By Jim Forsyth
SAN ANTONIO, Texas (Reuters) - The United States
dismantled the oldest nuclear bomb in its Cold War arsenal --
and one of the most powerful it ever built -- Tuesday as
part of President Barack Obama's nuclear security policy.
The magaton-class nuclear bomb the size of a minivan and
weighing about 10,000 pounds was dismantled at a nuclear
weapons storage facility outside Amarillo, Texas.
"This was one of the largest bombs in the American
arsenal," said Joshua McConaha, Public Affairs Director for the
Department of Energy's National Nuclear Security
Administration.
He said the exact strength of the bomb -- known as the B53
-- remains classified, but it is believed to have been many
hundreds of times more powerful than the atomic bomb that
destroyed Hiroshima in 1945.
Built at the height of the Cold War in the 1962, the bomb
was designed to be dropped onto a target by a massive B-52
Stratofortress strategic bomber. McConaha says it contained
about 300 pounds of high explosive surrounding the uranium,
referred to as 'the pit.'
"The world is a safer place with this dismantlement," said
Thomas D'Agostino, Under Secretary of Energy and Administrator
of the National Nuclear Security Administration.
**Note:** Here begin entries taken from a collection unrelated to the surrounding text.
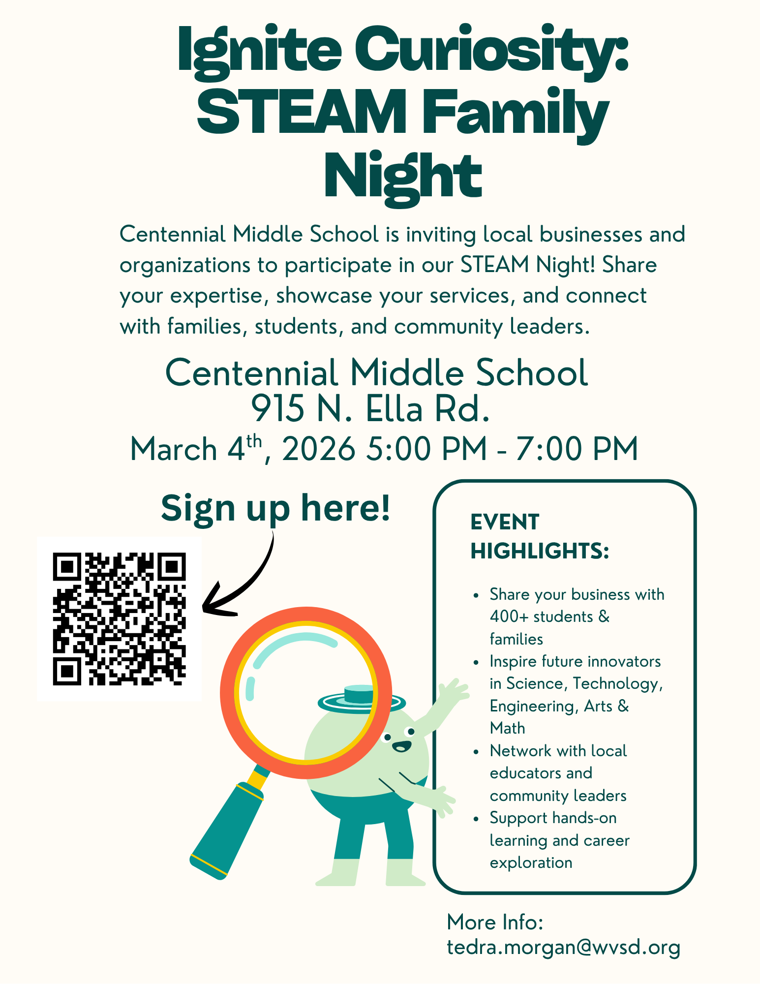 Host Organization: Centennial Middle School Description: entennial Middle School invites local businesses and organizations to join us for our annual STEAM Night! We’re looking for partners in Science, Technology, Engineering, Art, and Mathematics to share their work through interactive, hands-on...
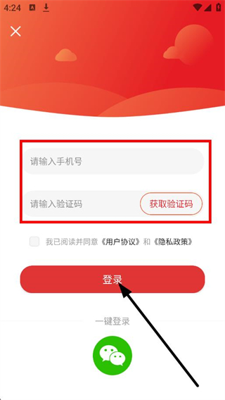 4、输入手机号,输入验证码,点击登录,完成账号登录操作。
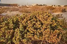 Tetraena qatarensis grows in arid conditions and is both drought and salt tolerant. In the Persian Gulf area the summer is very hot, any ground moisture present evaporates and the soil becomes increasingly salty. Under these conditions, the leaves dry up and fall off the plant, and it can survive in a leafless state for several years. When significant rain falls in winter, the soil becomes less salty and the plant is stimulated into new growth.[2] The leaf structure and physiology also change with the season, with unifoliate xeromorphic leaves better able to withstand water loss being present during the summer.[6] The seeds have tough coats and germination only occurs after significant rainfall.[2] The plants are found growing in association with several species of soil microfungi, regularly with Cladosporium sphaerospermum, but also sometimes with Penicillium citrinum and Aspergillus fumigatus.[7]
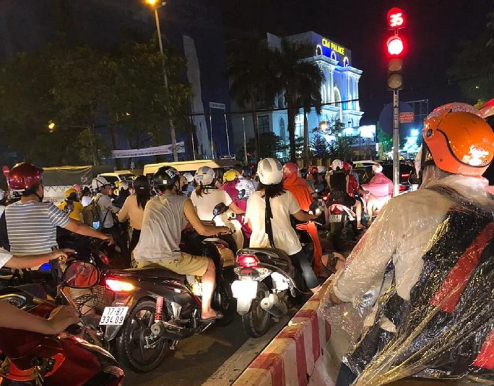 Ngập cộng thêm lượng phương tiện cùng lúc đổ ra đường rất lớn khiến ùn tắc ngày càng kéo dài. Ảnh: FB

"The B53 was a weapon developed in another time for a
different world. Today, we are moving beyond the Cold War
nuclear weapons complex that built this type of weapons," he
said.
The process of eliminating the massive nuclear weapons,
known as "the last of the big dogs," began 14 years ago.
"It started with retiring a weapon from active or inactive
service," McConaha said. "In this case, President Clinton did
that back in the nineties, in 1997."
Many B53s were retired before that, but a "significant
number" had remained in the U.S. arsenal, McConaha said.
In addition to challenges related to the bomb's massive
size and awesome explosive punch, the dismantlement process was
made more difficult by the weapon's use of older technology
developed by engineers who have since died.
The explosive is carefully separated from the nuclear
materials, McConaha explained. Some materials will be reused,
while most of the bomb will be shredded and disposed of.
The number of B53s that were once in service, and the
number that have been disassembled, remains classified, but
McConaha confirmed that Tuesday's bomb was the final one.